▶ Brief: Using the records below, write out only the lines from the line containing "عيين رياض المالكي" up to and including the line containing "Einfarbige zweifarbige Steppdecke", exactly, with no pictures.

▶ Given entries:

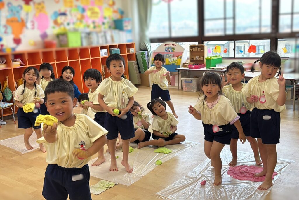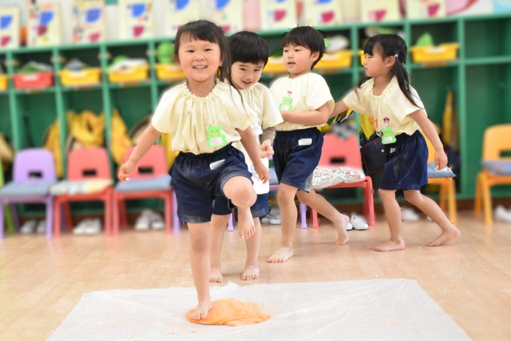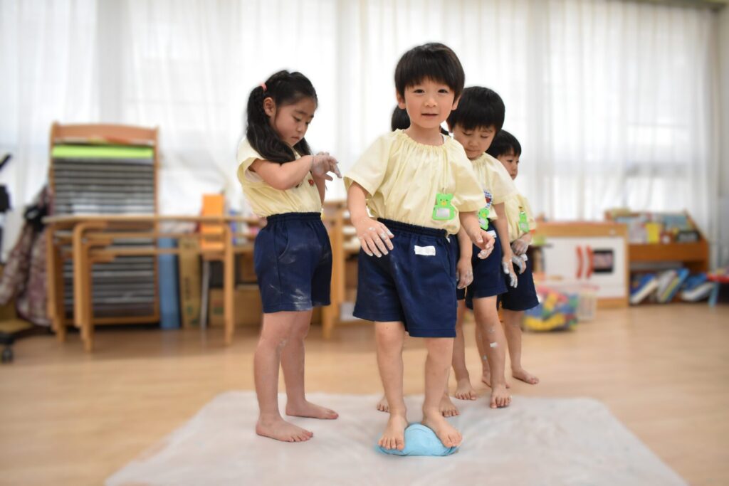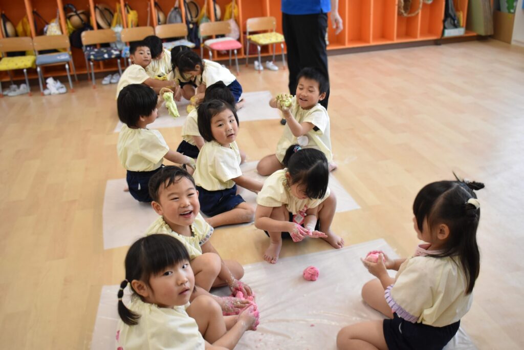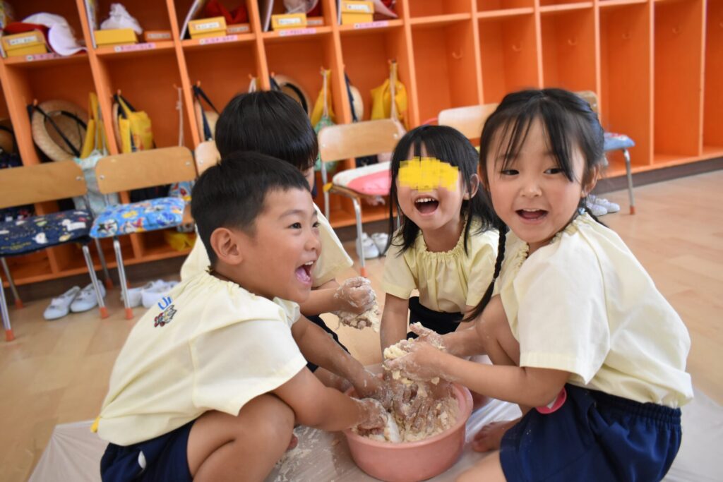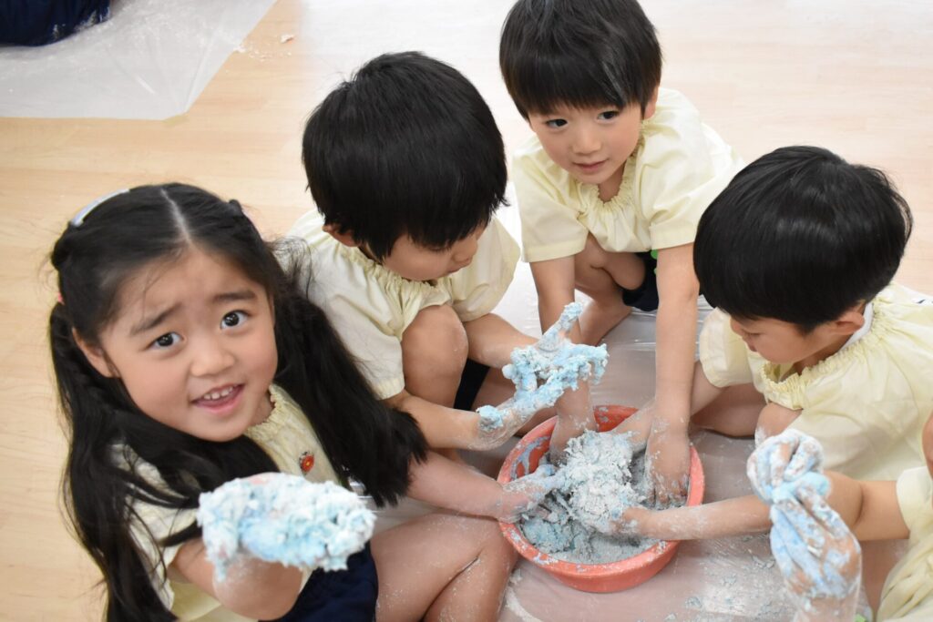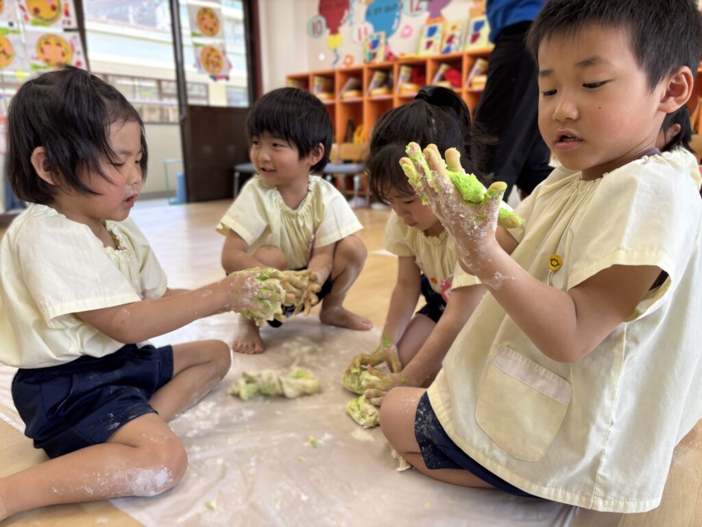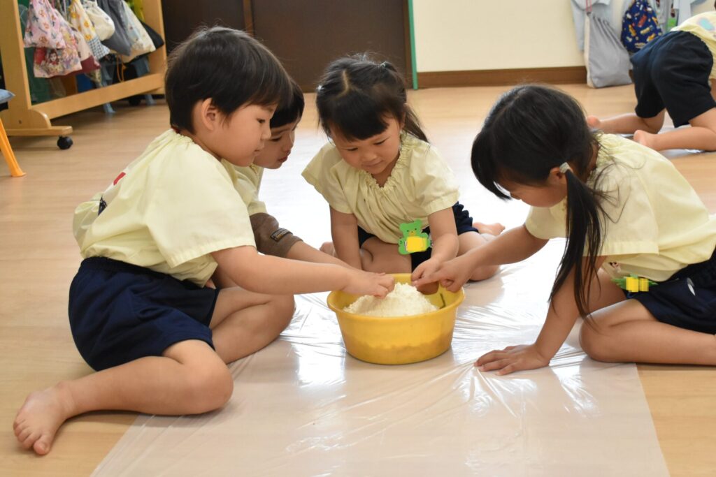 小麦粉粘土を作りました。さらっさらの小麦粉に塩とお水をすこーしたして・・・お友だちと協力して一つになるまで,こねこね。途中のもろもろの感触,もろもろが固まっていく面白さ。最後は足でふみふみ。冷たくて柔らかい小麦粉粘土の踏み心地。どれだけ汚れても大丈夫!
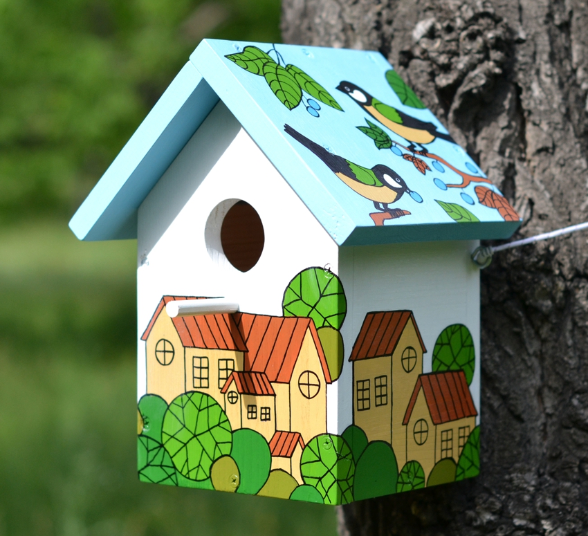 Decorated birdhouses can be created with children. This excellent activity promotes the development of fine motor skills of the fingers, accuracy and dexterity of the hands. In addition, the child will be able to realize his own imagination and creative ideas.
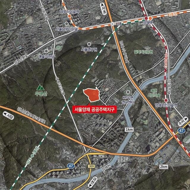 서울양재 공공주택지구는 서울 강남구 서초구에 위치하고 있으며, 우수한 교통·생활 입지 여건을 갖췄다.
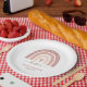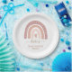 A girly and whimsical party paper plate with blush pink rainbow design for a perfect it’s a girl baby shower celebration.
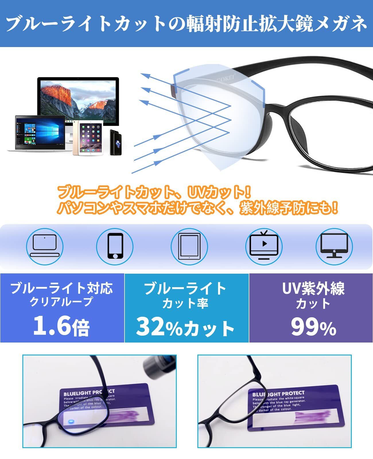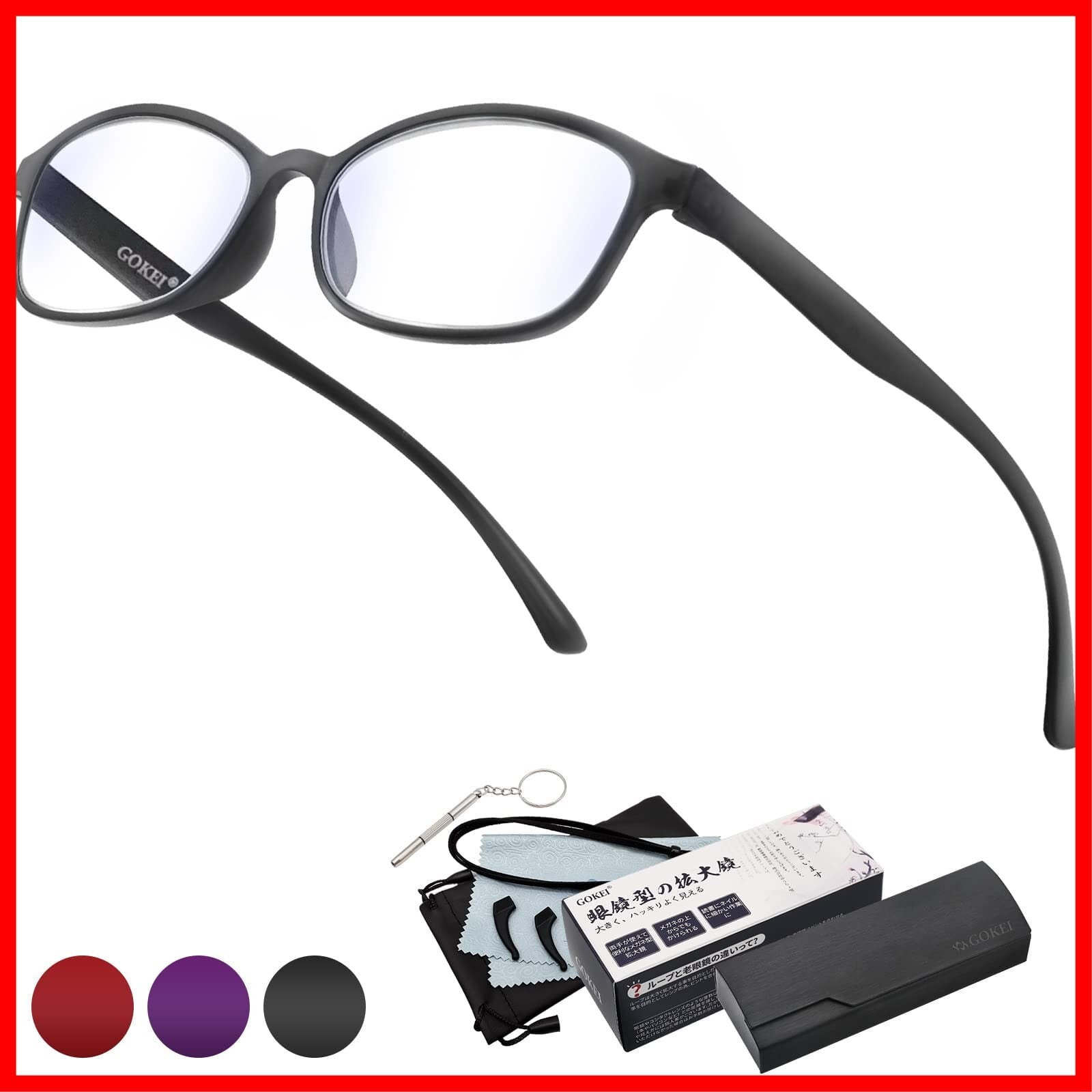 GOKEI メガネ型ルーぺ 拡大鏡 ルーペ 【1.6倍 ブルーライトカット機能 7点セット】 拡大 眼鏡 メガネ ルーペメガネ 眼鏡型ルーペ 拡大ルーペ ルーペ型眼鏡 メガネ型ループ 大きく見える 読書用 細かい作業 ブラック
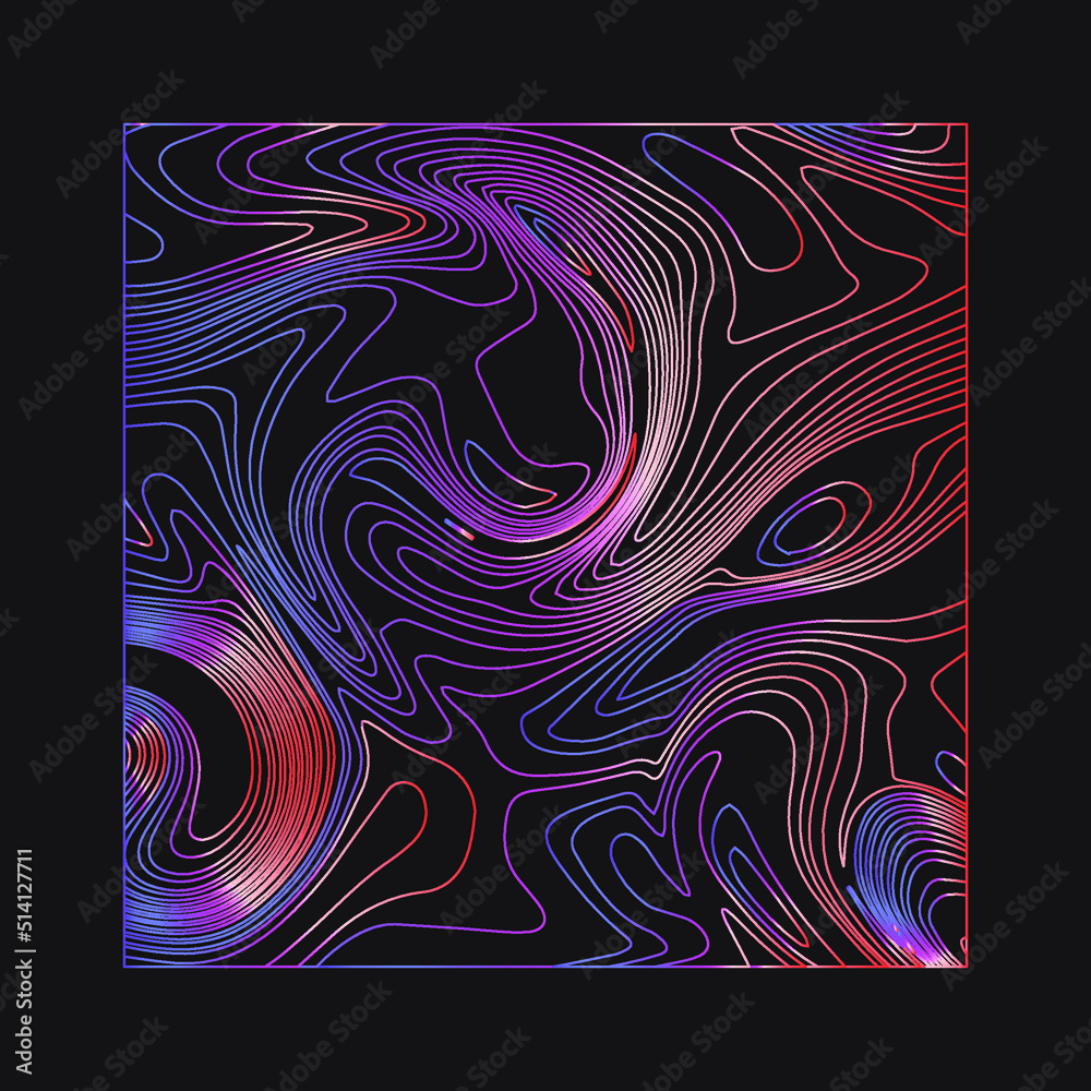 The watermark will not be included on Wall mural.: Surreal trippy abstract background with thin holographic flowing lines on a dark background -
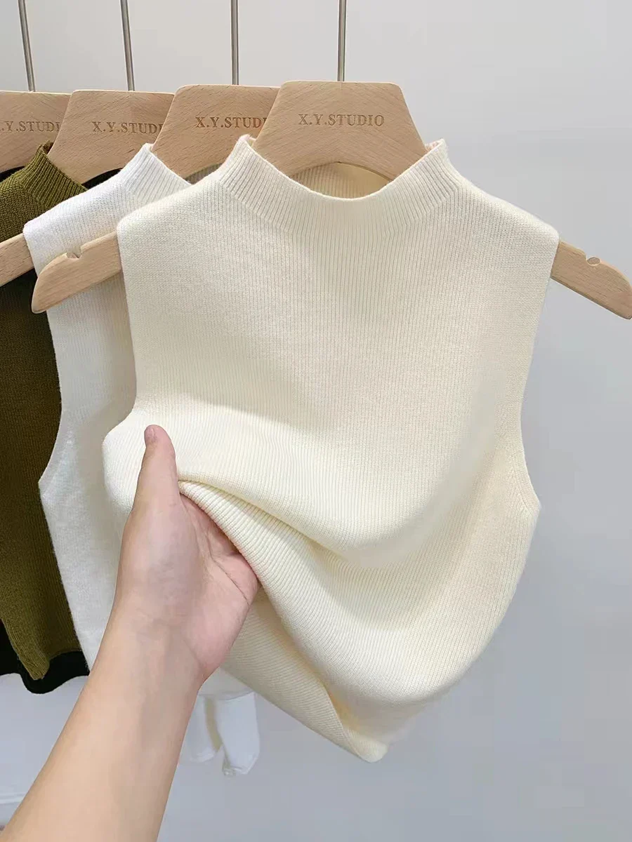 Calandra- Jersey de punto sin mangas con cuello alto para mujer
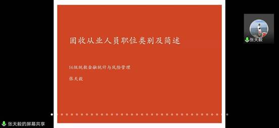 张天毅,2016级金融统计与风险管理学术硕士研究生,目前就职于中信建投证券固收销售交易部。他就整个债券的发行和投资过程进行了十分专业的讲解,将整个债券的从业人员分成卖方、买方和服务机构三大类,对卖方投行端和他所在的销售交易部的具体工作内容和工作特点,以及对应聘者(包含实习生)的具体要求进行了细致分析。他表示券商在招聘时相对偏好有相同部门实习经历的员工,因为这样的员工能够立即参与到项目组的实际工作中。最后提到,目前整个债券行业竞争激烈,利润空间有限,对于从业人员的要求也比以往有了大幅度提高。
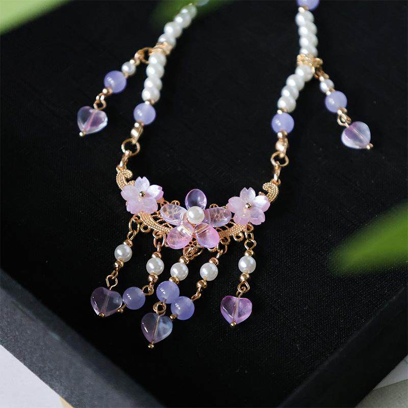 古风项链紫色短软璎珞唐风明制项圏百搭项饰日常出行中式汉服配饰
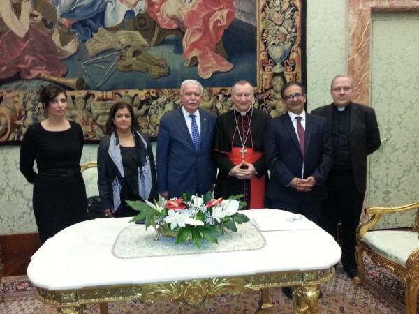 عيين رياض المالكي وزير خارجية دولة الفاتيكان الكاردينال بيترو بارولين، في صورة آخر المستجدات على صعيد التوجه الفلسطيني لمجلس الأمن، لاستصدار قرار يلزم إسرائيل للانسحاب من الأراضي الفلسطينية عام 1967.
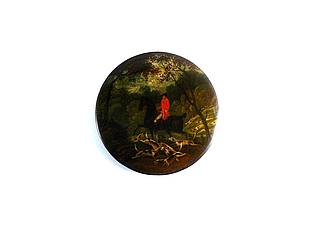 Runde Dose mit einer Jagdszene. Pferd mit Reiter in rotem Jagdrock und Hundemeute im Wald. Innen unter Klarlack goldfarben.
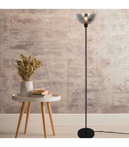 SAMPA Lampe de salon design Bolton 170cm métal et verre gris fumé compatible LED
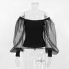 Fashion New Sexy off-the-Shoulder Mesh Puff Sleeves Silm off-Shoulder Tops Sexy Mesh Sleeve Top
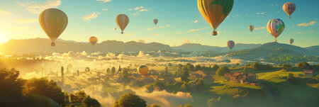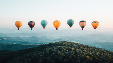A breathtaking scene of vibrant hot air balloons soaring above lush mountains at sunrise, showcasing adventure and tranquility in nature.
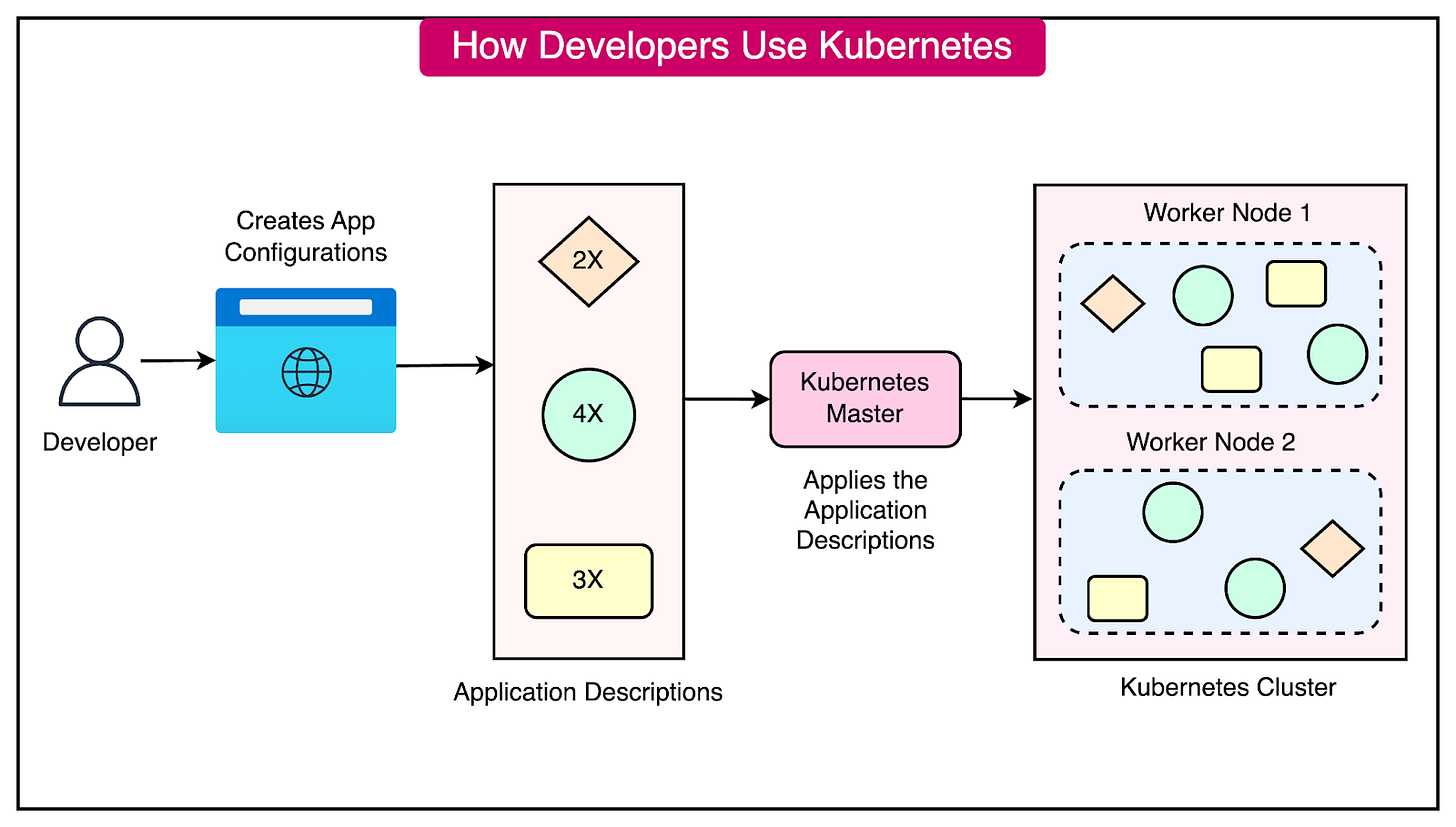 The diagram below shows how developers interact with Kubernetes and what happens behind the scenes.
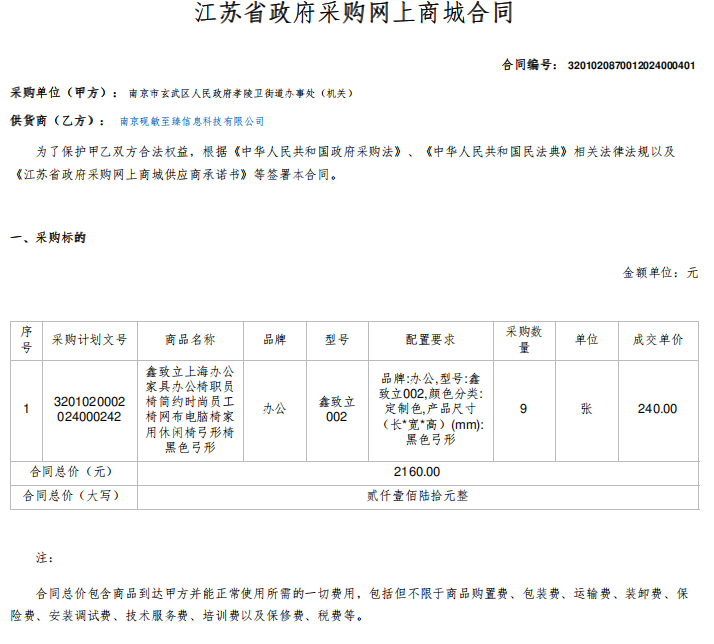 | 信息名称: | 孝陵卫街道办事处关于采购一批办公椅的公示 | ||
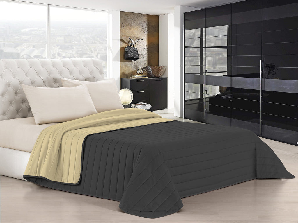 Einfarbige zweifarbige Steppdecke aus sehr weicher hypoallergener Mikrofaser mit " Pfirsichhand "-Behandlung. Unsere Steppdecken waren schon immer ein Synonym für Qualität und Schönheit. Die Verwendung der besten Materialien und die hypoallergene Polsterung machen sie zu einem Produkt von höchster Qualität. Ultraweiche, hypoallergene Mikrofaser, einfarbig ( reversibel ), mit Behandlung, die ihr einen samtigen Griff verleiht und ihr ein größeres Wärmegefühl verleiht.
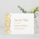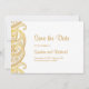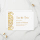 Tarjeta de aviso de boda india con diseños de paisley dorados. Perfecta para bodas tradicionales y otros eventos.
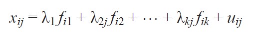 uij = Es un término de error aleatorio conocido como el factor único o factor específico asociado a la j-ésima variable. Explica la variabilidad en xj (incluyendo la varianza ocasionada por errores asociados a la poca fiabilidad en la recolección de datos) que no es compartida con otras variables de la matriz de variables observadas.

▶ Answer section:
 عيين رياض المالكي وزير خارجية دولة الفاتيكان الكاردينال بيترو بارولين، في صورة آخر المستجدات على صعيد التوجه الفلسطيني لمجلس الأمن، لاستصدار قرار يلزم إسرائيل للانسحاب من الأراضي الفلسطينية عام 1967.
 Runde Dose mit einer Jagdszene. Pferd mit Reiter in rotem Jagdrock und Hundemeute im Wald. Innen unter Klarlack goldfarben.
 SAMPA Lampe de salon design Bolton 170cm métal et verre gris fumé compatible LED
 Fashion New Sexy off-the-Shoulder Mesh Puff Sleeves Silm off-Shoulder Tops Sexy Mesh Sleeve Top
A breathtaking scene of vibrant hot air balloons soaring above lush mountains at sunrise, showcasing adventure and tranquility in nature.
 The diagram below shows how developers interact with Kubernetes and what happens behind the scenes.
 | 信息名称: | 孝陵卫街道办事处关于采购一批办公椅的公示 | ||
 Einfarbige zweifarbige Steppdecke aus sehr weicher hypoallergener Mikrofaser mit " Pfirsichhand "-Behandlung. Unsere Steppdecken waren schon immer ein Synonym für Qualität und Schönheit. Die Verwendung der besten Materialien und die hypoallergene Polsterung machen sie zu einem Produkt von höchster Qualität. Ultraweiche, hypoallergene Mikrofaser, einfarbig ( reversibel ), mit Behandlung, die ihr einen samtigen Griff verleiht und ihr ein größeres Wärmegefühl verleiht.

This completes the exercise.